True, I was really just suggesting questioning instincts when evaluating tools based on the initial 'time to get started'.
I'm aware of Rich Hickey and Clojure. In my experience with Lisps, although they are superficially simple, they make you do more abstraction work than is necessary in more commonly used high-level imperative languages. Lisp seems to strongly encourage building a high number of helper functions, which is fine if you're highly opinionated about how a job should be done, and less so if you just want to import some battle-tested libraries and write something that gets the job done. I suspect this is where the learning curve with Clojure really comes in, in that it's more closely related to being learn how to architect an application in a Lisp-friendly way than it is about getting familiar with the language.
I've heard it suggested somewhere that possibly the leap is in believing that 'a simple thing + a simple thing = a simple thing'.
Any application that I've built which actually required a technology like Vue or React was a significant undertaking and a few hours getting up and going (not that either of them require anywhere close to that) is nothing.
So...2030.
You have to take yourself out of the "experienced React+Redux dev" mindset and put yourself in the shoes of "Experienced dev looking to invest in one of two ecosystems" mindset. Which one is the path of least resistance?

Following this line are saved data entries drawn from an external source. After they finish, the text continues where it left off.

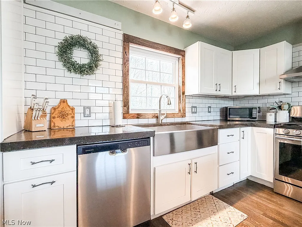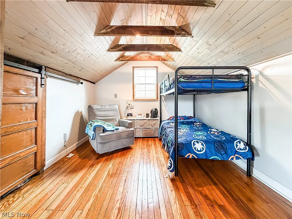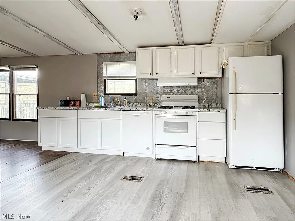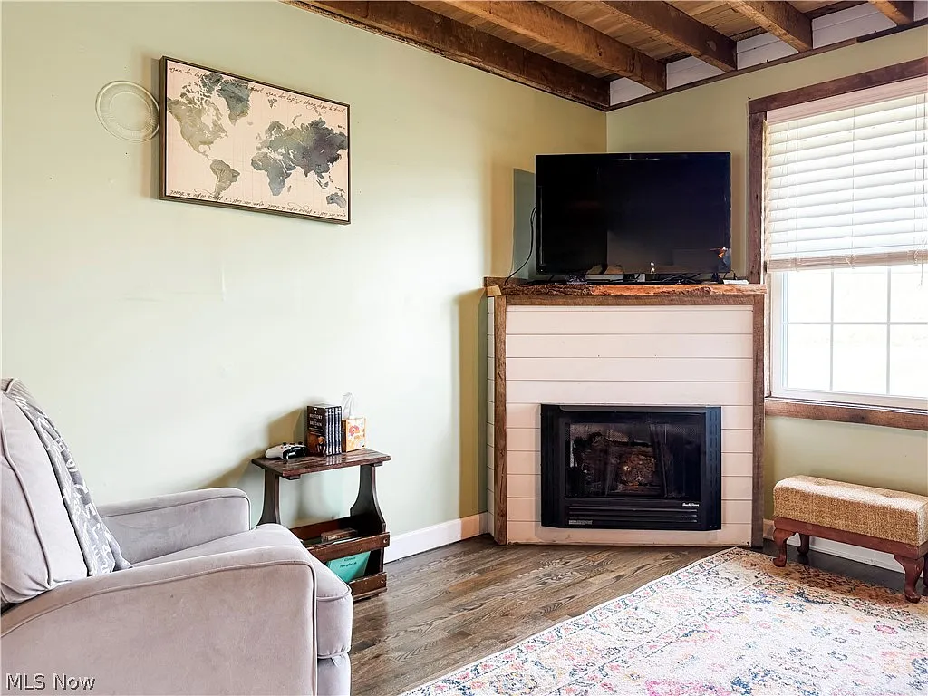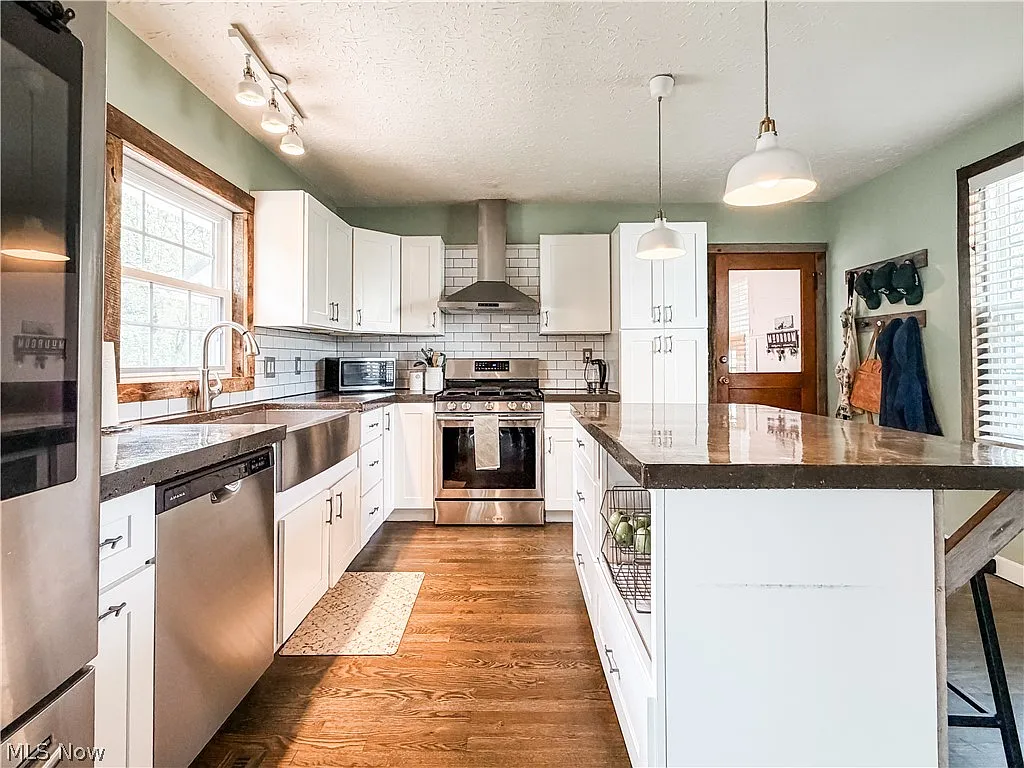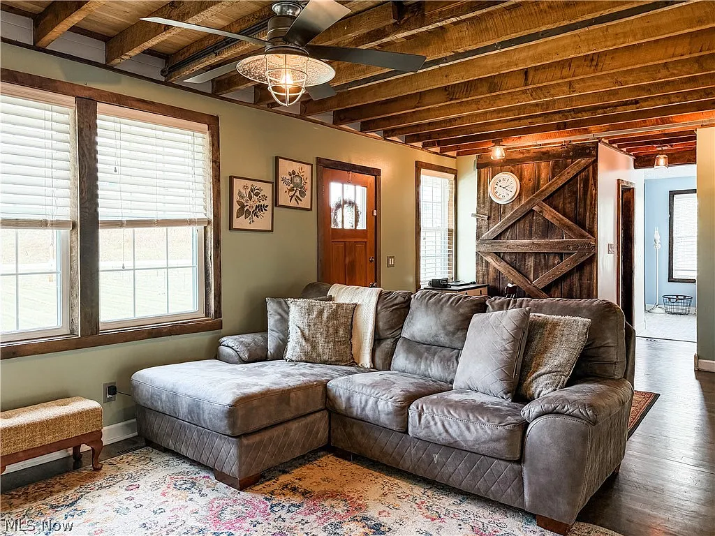 This charming home features an open-concept layout with exposed wood beams, rustic finishes, and abundant natural light. The updated kitchen includes a farmhouse sink, stainless steel appliances, subway tile backsplash, and large island with seating—perfect for entertaining.
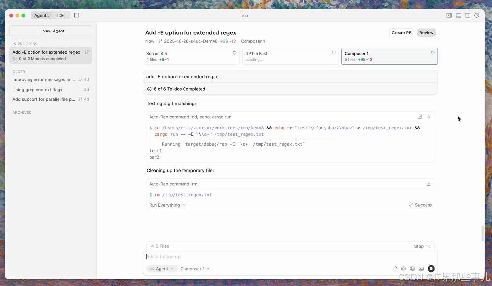 改进的代码审查功能把所有修改聚合到一个界面,让用户更容易查看Agent对多个文件所做的所有更改,而无需在各个文件之间跳转。
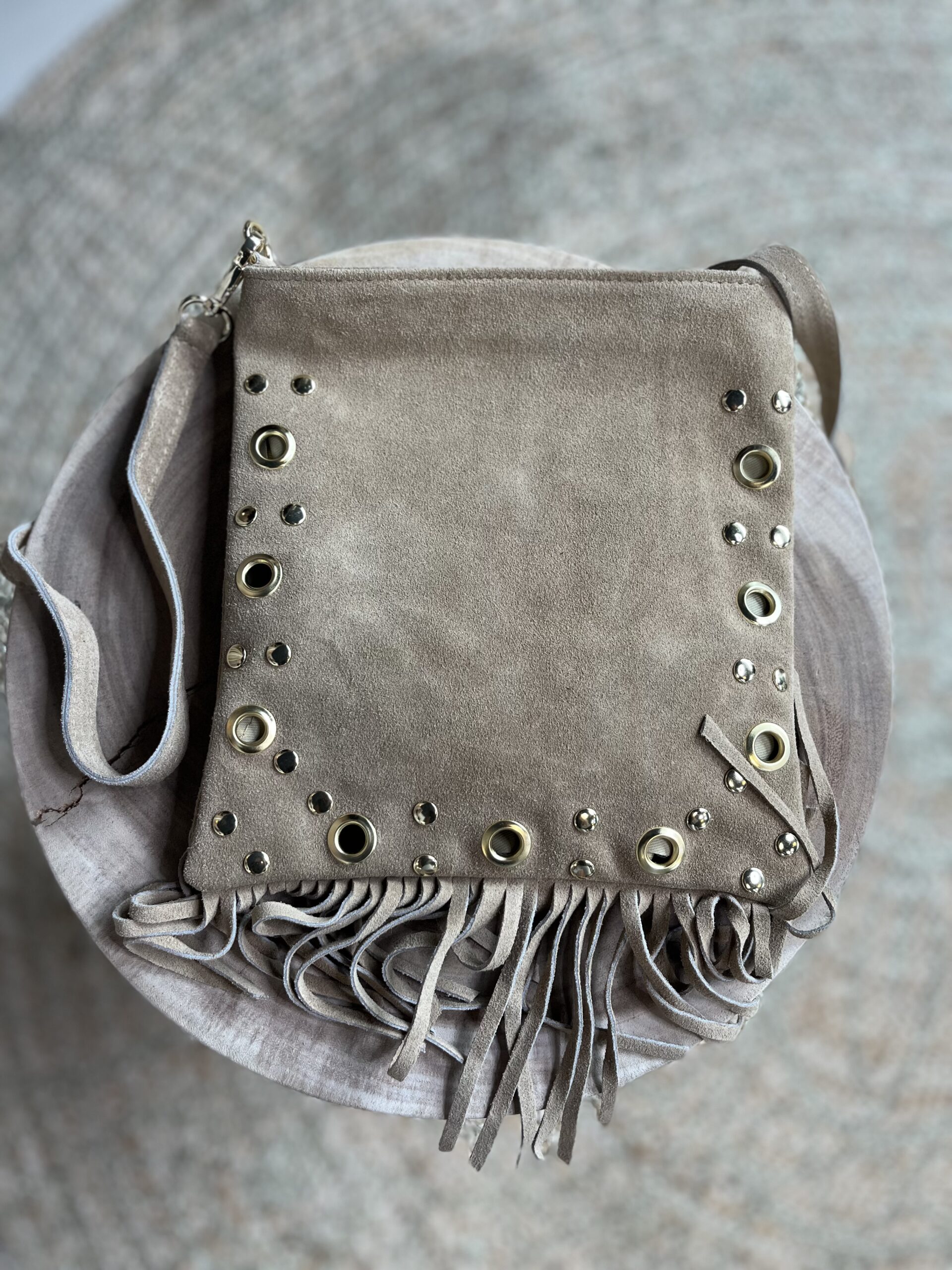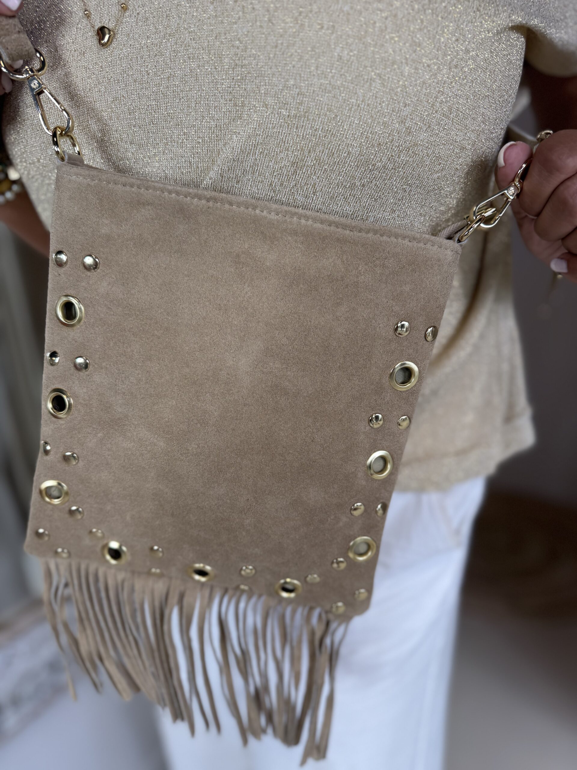 De product foto’s van de taupe kleurige tas zijn iets “geler” dan de echte kleur. Het is echt zand suede, heel mooi!
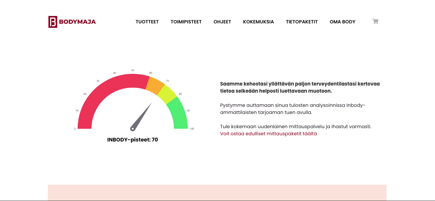 Verkkosivut, verkkokauppa ja integraatio Inbody-pilvipalveluun.
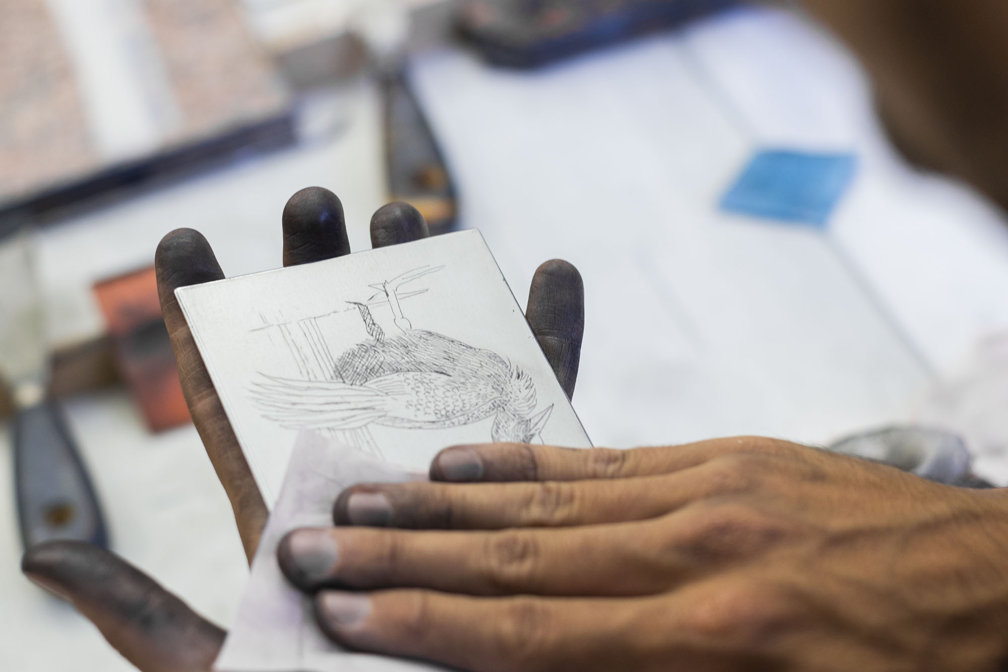 Sono state utilizzate diverse tecniche di stampa: calcografia per le incisioni originali di Tongiani, lastre fotopolimeriche per la riproduzione delle lettere, caratteri in piombo della serie Magister per la trascrizione e il saggio.
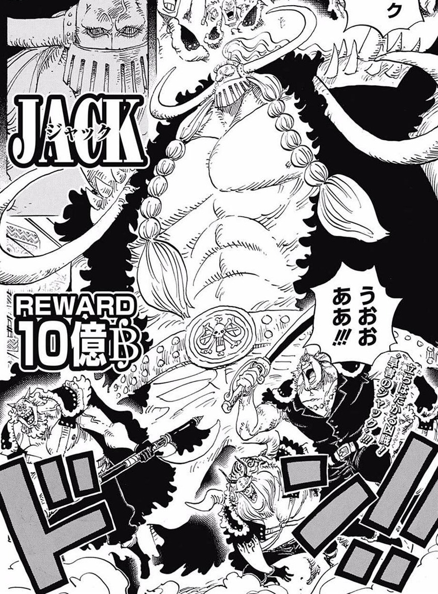 後來想直接殺了巨象讓佐烏毀滅,最後遭到巨象一甩鼻子連同自己的船艦直接消滅,其掉入海中,但未死亡,疑似魚人族。從小菊的對話中得知JACK從船難中被救起,已經回到和之國。[9]
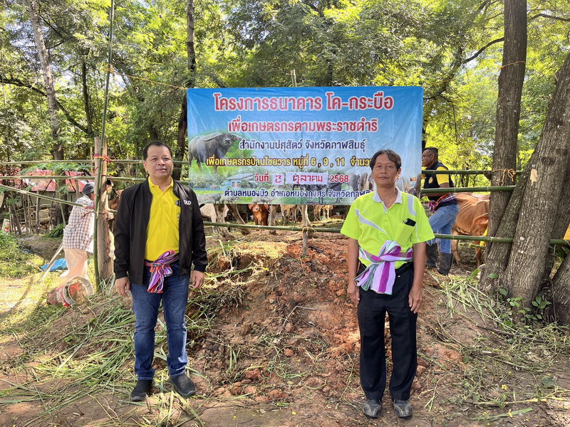 วันอาทิตย์ ที่ 5 ตุลาคม 2568 นางสาวเยาวนิตย์ บุรีรักษา ปศุสัตว์เขต 4 มอบหมายให้ นายอิทธิพัทธ์ จำรัสบุญหิรัญ ผู้อำนวยการส่วนส่งเสริมและพัฒนาการปศุสัตว์ สำนักงานปศุสัตว์เขต 4 เข้าร่วมเป็นเกียรติในพิธีมอบโคตามโครงการธนาคารโค-กระบือเพื่อเกษตรกร ตามพระราชดำริ จำนวน 60 ตัว และมอบหญ้าแห้ง เวชภัณฑ์ จำนวน 60 ชุด โดยได้รับเกียรติจาก นายจำลอง ภูนวนทา สมาชิกสภาผู้แทนราษฎร เป็นประธานในพิธี มีนายวีระสันติ ประทุมพล ผู้อำนวยการสำนักพัฒนาอาหารสัตว์ และเจ้าหน้าที่จากส่วนราชการจังหวัดกาฬสินธุ์และอำเภอหนองกุงศรี เข้าร่วมพิธีฯ โดยพร้อมเพรียง ณ บ้านไชยวาร ตำบลหนอบัว อำเภอหนองกุุงศรี จังหวัดกาฬสินธุ์
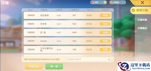 解锁"小镇"功能后我们在主界面的"好友"图标上方会出现一个"小镇"图标,我们可以通过这个功能申请加入其它小摩尔的小镇,或是自己创建小镇。
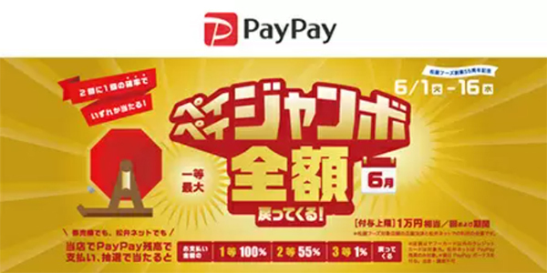 松屋フーズ創業55周年記念 松屋・松弁ネットで当たる!ペイペイジャンボは、PayPayを使い対象店舗で決済すると抽選で決済金額の最大全額が戻ってくるというもの。くじの内訳は、1等が100%、2等が55%、3等が1%。還元上限は、1万円相当/回・期間。対象となる店舗は、「松屋」「松のや」「松乃家」「マイカリー食堂」「ステーキ屋松」「松そば」「松弁ネット」(一部店舗は対象外)。期間は6月16日までとなる。
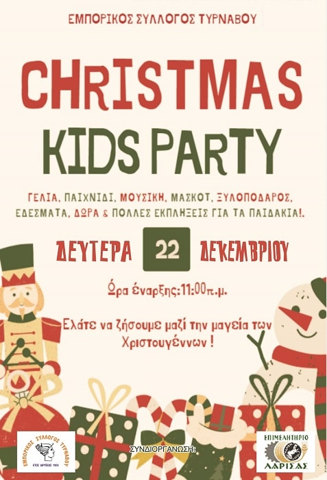 Ενα παιδικό πάρτι στο οποίο είναι καλεσμένα όλα τα παιδιά του Τυρνάβου, για να ζήσουν τη μαγεία των γιορτών, διοργανώνει αύριο Δευτέρα 22 Δεκεμβρίου στις 11.00 το πρωί στην κεντρική πλατεία ο Εμπορικός Σύλλογος της πόλης σε συνεργασία με το επιμελητήριο.
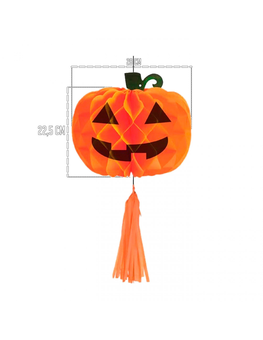 El pack de 2 calabazas colgantes para halloween es un conjunto decorativo ideal para ambientar fiestas de disfraces y celebraciones temáticas. Fabricadas en papel, estas calabazas destacan por su diseño ligero y fácil de colgar, lo que permite colocarlas en diversos espacios como techos, puertas o ventanas. Con un tamaño aproximado de Ø 28 cm de diámetro y 22,5 cm de altura, estas decoraciones aportan un toque festivo clásico que evoca el espíritu de halloween con su forma tradicional y colores vibrantes.
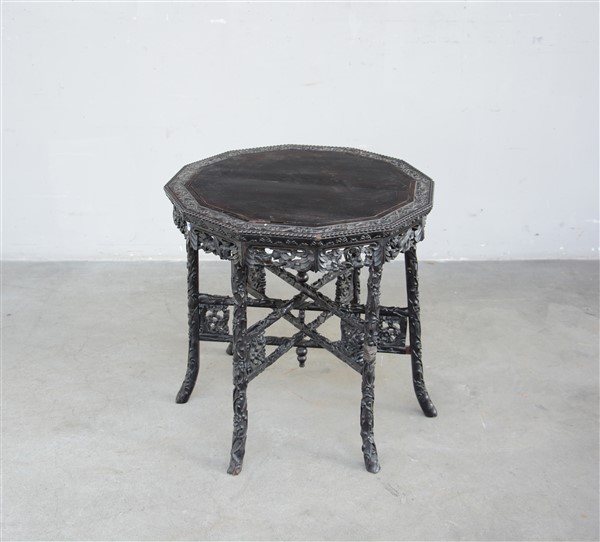 Tavolino con piano di forma dodecagonale in legno scolpito con motivi floreali

The point is, React+Redux people would love to believe that it's "Vue+VueX." But in reality, it feels like "just vue." A sword is stronger as a single piece, and Vue+VueX feels like a single piece.
It's up to people to learn both and decide for themselves, but my argument is simply this: it's a mistake to underestimate the traction Vue is gaining.
There's a strong temptation to blame the dev: They're not smart enough, they should have been able to pick up Redux easier, Vue+VueX is the same as React+Redux. But all I can do is report my experiences, and an honest survey of the ecosystem would lead us to conclude that Vue+VueX is far easier to learn without sacrificing any flexibility for your company in the long run.
To be clear: I like both React and Vue and am fundamentally skeptical of arguments that one is significantly better/worse/different than the other.
https://html.spec.whatwg.org/multipage/scripting.html#custom... https://dom.spec.whatwg.org/#shadow-trees
We have hundreds of full sized frontend applications, millions of lines of both javascript and scss. Thousands of extremely complex i/o operations and algorithms. We push the tools in the ecosystem to their limit and have to write our owns where they fail us.
And when I'm at home making a small app, create-react-app and VSCode, then npm install-ing styled-components, is all I need to replicate 80% of the above. It's all just JavaScript so all my tools just work the way I expect them to.
Not everyone needs (or want!) this. And that's okay.
It makes experimenting easier for beginners, for people considering switching to it, for people who are already using it and want to try something outside the context of their existing codebase, for people writing tutorials and demos, etc.
The less bullshit to wade through when using a tool, the more situations it will be applicable to, regardless of skill level or project size.
Secondly, a lot of my projects just don't need anything else. If i have a 2 weeks contract with a client, i'm not going to setup webpack, a ci server and docker.
Having the choice to scale up or down is an amazing feature.